Hogan Lovells, where she works, is one of the few law firms in the country to specialize in Islamic finance, and Ms. Ali is one of their rising stars in this field. According to the company Web site, Hogan Lovells represents Mashreqbank al Islami bank, Al Baraka, Islamic Development Bank Group, and many other leading shariah-promoting financial institutions in the Middle East; the firm has also won many shariah-finance awards, including “Best Mudarabah Deal of the Year,” “Best Sukuk Deal of the Year,” and many others

According to the White House press release, Ms. Ali “is a founding member of the first U.S. Delegation to the World Islamic Economic Forum.” But, as observers pointed out at the time, “it was at the World Islamic Economic Forum where key leaders declared Shariah Finance to be ‘dawa’ (missionary) activity to promote Islam and Shariah.”


Of all the promising young people in the country, why choose this specific one for a paid position in the White House?

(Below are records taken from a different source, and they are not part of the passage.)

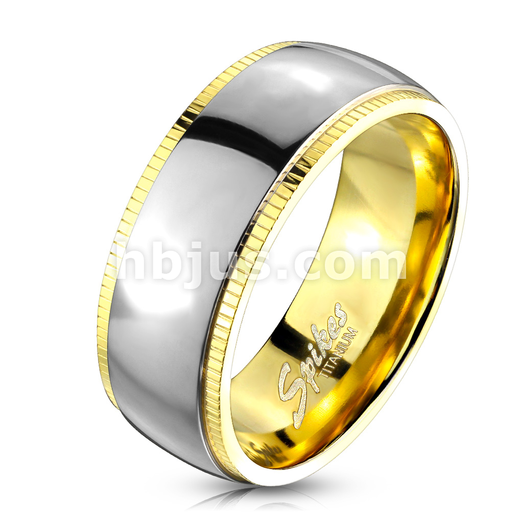 Grooved Edges Gold Plated with Center Titanium Band Ring
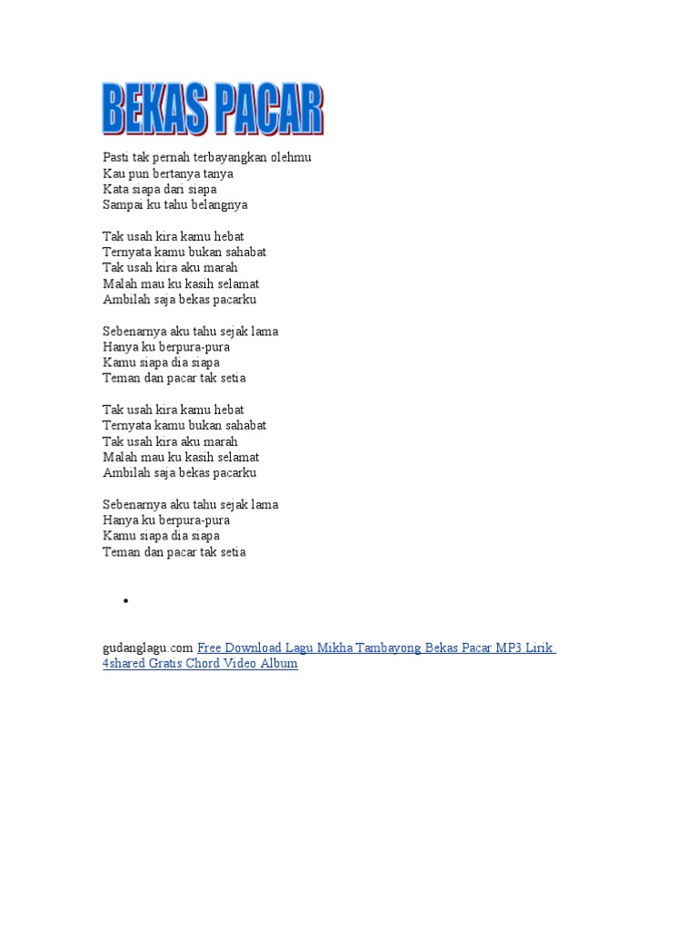 Free Download Lagu Mikha Tambayong Bekas Pacar MP3 Lirik 4shared Gratis Chord Video Album
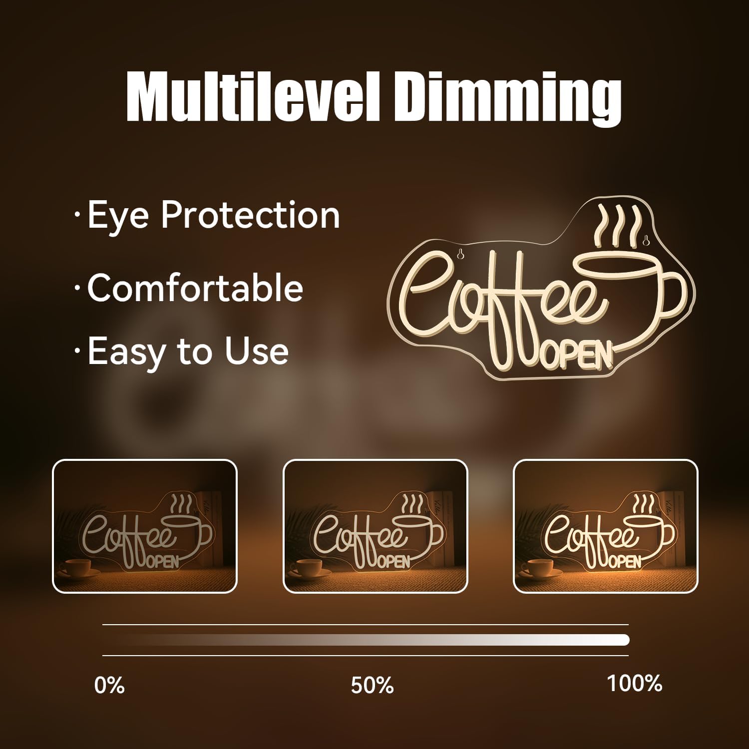 - Eye-catching sign:This Coffee Open neon sign is a unique storefront decoration sign. It is composed of flexible LED light strips and transparent high-definition acrylic backplane. It has excellent long-term effects and high-brightness light effects, which will definitely catch the attention of pedestrians. Suitable for your coffee bar cafe business restaurant club party man cave wall decor
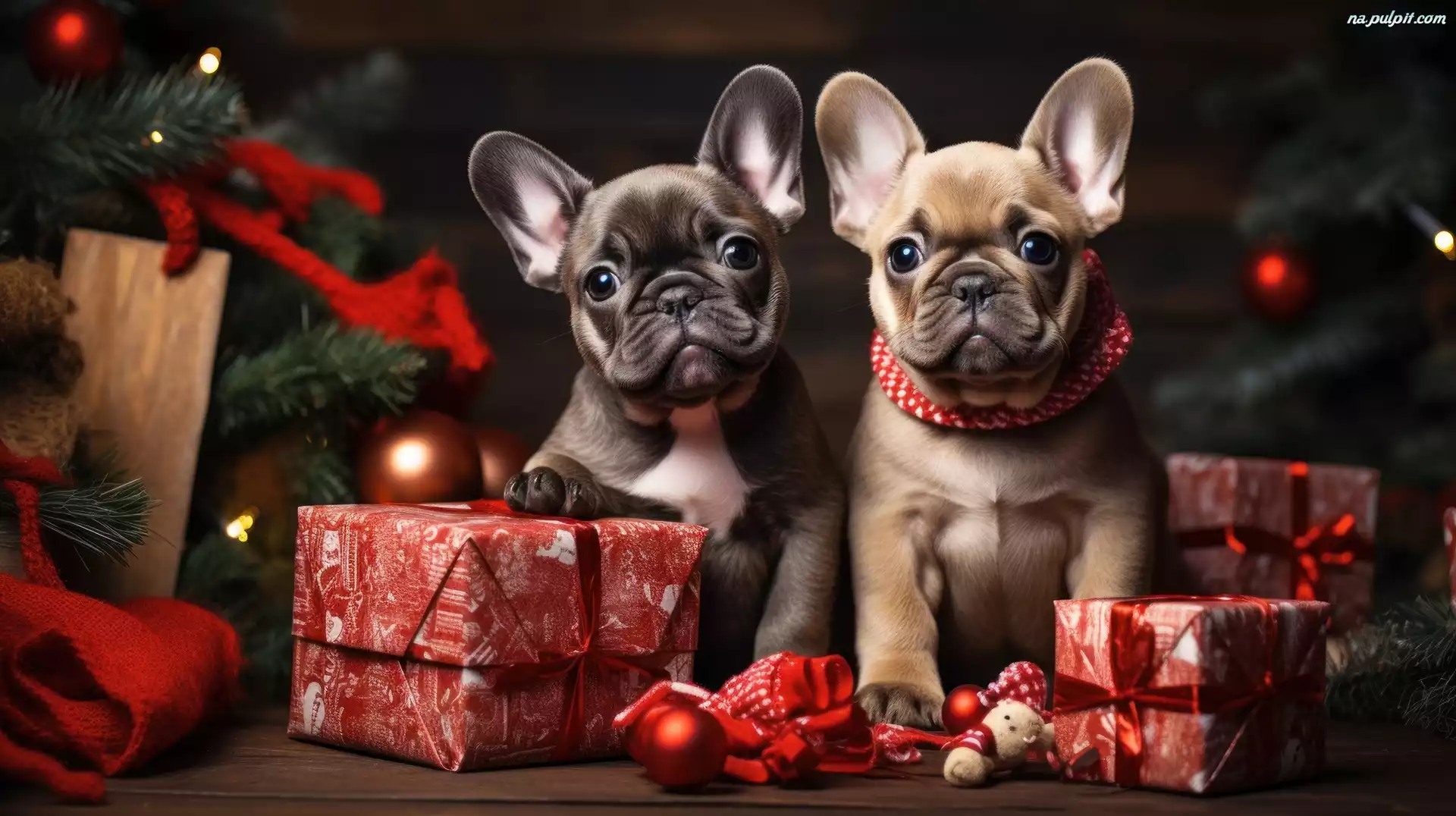 Buldogi francuskie, Prezenty, Psy, Szczeniaki, Dwa, Grafika Na Pulpit

The tradition of appointing “White House Fellows” dates back to the Johnson administration and has never before attracted any controversy. And if one looks at the other 12 Fellows named this year, none of them are controversial in the slightest, nor have any Fellows picked by earlier presidents ever caused a stir. So: Why now? Why, in the midst of the worst financial crisis our country has faced in 70 years, does the president choose an expert in Islamic finance to get training in the White House?